Fun Facts About the World's Columbian Exposition

  • The Columbian Exposition was held to celebrate the 400th anniversary of Christopher Columbus landing in the New World.  However, instead of opening in 1892 (the actual anniversary) the fair opened one year later.  It ran from May 1-October 31, 1893. A new national holiday – Columbus Day – was one result of the fair’s popularity.

  • Visitors came from all over the world. A ticket to the fair cost 50 cents, 25 cents for children under 12, and admission was free for children 6 and under.

  • Fredrick Law Olmsted, America’s foremost landscape architect, laid out the grounds and created a system of lagoons around which over 40,000 skilled laborers constructed the fair’s buildings.

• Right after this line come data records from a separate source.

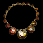 Abra Couture, Inc. Vintage repurposed/recycled gemstones, found objects, resin and cotton balls wrapped in wire and sculpted into collars or woven into chains. By Abra Gorby, Washington Crossing, PA Website |
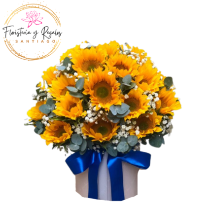 CAJA BOX DE 20 GIRASOLES Y FOLLAJE
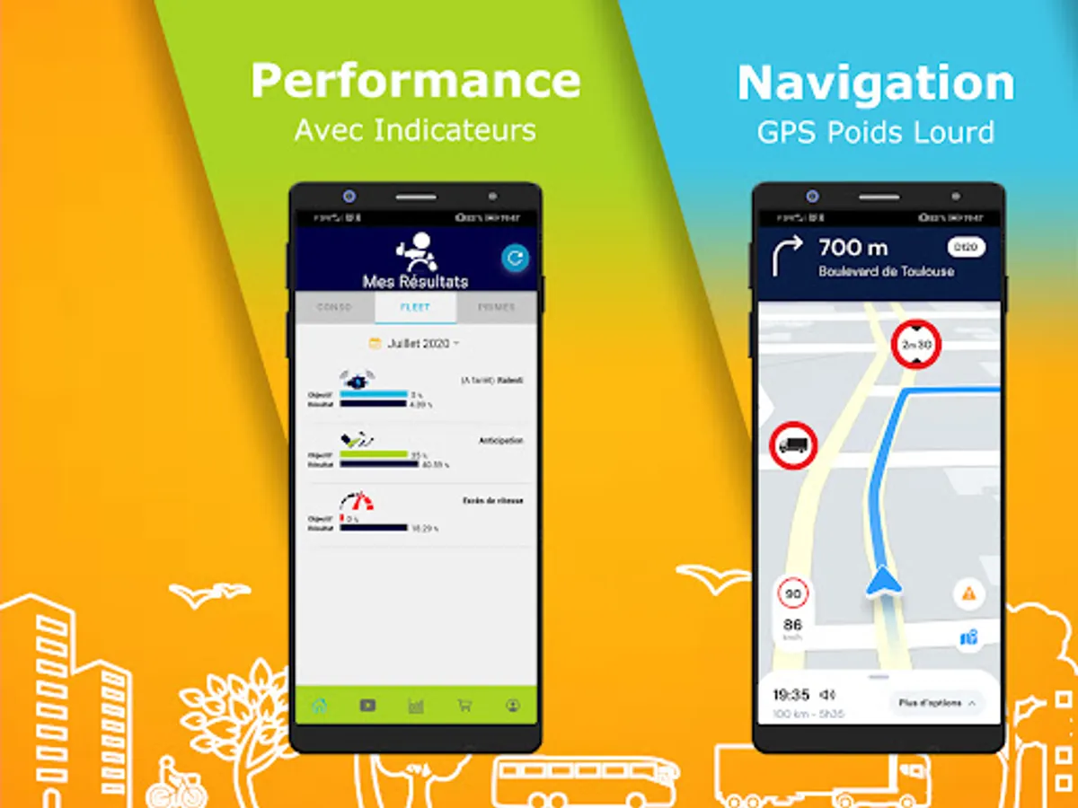 In addition to the Eco-Driver application and depending on the options selected by his employer, the driver can benefit from the Eco-Navigation application also available on blinds (GPS HGV navigation).

  • There were over 65,000 exhibits at the fair. The fair covered 630 acres in Chicago’s Jackson Park and the Midway Plaisance-a narrow strip of land designated as an amusement area. Although other world’s fairs had been held in the 19th century, the Columbian Exposition was the first to have an area specifically for “amusement.”

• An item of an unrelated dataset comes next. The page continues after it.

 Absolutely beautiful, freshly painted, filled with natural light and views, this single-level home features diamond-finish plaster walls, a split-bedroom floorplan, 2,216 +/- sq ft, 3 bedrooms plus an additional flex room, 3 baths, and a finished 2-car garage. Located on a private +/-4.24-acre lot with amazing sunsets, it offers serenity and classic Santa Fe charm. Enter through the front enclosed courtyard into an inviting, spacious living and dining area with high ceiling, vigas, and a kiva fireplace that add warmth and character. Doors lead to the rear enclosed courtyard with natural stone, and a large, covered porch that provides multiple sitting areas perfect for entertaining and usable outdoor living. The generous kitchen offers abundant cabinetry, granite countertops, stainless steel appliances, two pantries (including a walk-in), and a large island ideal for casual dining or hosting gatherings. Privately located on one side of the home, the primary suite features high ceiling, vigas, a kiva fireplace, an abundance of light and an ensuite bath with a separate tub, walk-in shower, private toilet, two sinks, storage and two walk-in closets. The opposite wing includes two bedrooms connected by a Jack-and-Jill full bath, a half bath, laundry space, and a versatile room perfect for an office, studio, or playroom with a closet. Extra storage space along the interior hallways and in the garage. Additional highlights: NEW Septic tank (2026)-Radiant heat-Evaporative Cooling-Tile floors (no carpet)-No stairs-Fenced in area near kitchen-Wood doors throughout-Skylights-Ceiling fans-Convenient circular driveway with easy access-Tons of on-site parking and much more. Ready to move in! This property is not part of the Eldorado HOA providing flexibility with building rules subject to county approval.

  • Over 50,000 objects on display at the fair became part of the Anthropology collections of the Field Columbian Museum, later renamed The Field Museum. The founding collections of the Museum came mainly from three of the fair’s main buildings-the Anthropology Building, the Horticulture Building, and the Mines, Mineralogy, and Metallurgy Building-as well as from the cultural villages displayed in the fair grounds and Midway.

  • The Midway skyline was dominated by a 250-foot Ferris wheel, designed for the fair by inventor George Ferris. It was 100 feet taller than today’s Ferris wheel at Chicago’s Navy Pier and had 36 cars capable of holding 60 people each. Fully loaded, it could carry 2,160 people.

  • The White City was said to have inspired author L. Frank Baum to create the Emerald City in his book The Wizard of Oz.

  • Several products introduced at the fair are still popular today, including Shredded Wheat, diet carbonated soda, Aunt Jemima syrup and pancake mix, and Chicago’s own Wrigley’s Juicy Fruit gum.

  • At night, the fair was lit by hundreds of thousands of electric light bulbs that created a truly magical scene.  However, the many types of electricity, beyond just the light bulb, were what made the electricity displays at the fair so significant. There were a variety of home-improvement items, such as "gadgets including hot plates, fans, bells, bed warmers, radiators, and a complete Model Electrical Kitchen with a small range, saucepan, water heater, broiler, and kettle" (from the Preface of Book of the Fair, by Hubert Howe Bancroft).